What to do:
What you return must be the lines from the first one below through the one containing "Kanchipuram Silk Saree", exactly and with pictures excluded.

Data section:
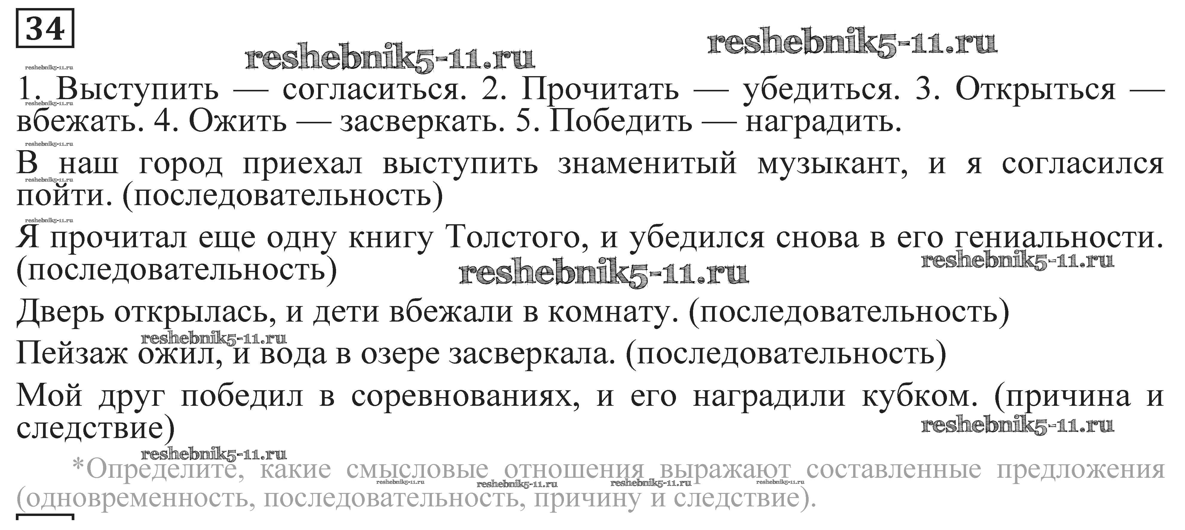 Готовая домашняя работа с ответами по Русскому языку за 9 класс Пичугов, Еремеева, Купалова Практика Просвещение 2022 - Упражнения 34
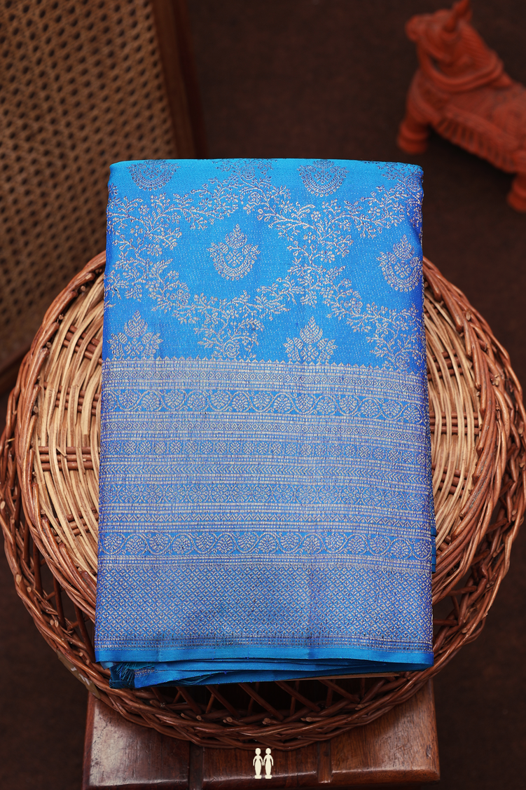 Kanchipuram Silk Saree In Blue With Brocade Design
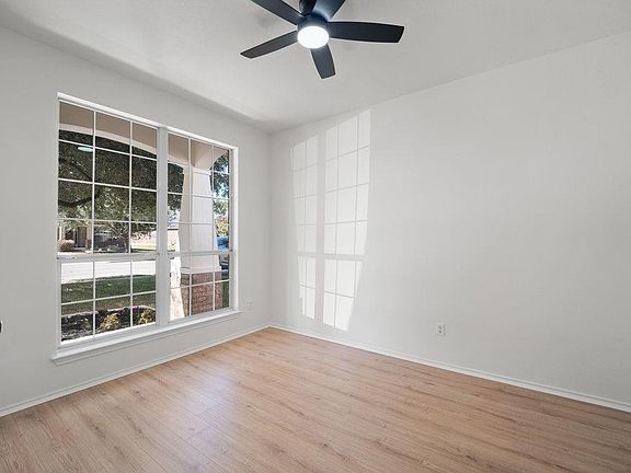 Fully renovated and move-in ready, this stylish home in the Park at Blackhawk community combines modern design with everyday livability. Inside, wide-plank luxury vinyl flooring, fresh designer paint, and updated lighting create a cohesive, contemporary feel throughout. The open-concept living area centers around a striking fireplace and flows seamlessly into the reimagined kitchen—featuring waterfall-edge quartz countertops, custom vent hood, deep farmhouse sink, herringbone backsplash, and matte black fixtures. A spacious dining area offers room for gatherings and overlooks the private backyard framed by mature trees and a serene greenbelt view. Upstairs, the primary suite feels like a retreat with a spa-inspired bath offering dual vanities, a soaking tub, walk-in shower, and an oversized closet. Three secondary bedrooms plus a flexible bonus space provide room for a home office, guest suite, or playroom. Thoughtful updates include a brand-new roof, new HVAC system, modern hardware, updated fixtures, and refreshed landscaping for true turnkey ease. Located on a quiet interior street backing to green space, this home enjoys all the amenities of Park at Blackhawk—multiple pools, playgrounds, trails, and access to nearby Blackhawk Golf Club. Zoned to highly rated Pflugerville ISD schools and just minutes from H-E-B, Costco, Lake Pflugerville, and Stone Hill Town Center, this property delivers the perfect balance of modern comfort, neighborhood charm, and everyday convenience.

Written answer:
 Готовая домашняя работа с ответами по Русскому языку за 9 класс Пичугов, Еремеева, Купалова Практика Просвещение 2022 - Упражнения 34
 Kanchipuram Silk Saree In Blue With Brocade Design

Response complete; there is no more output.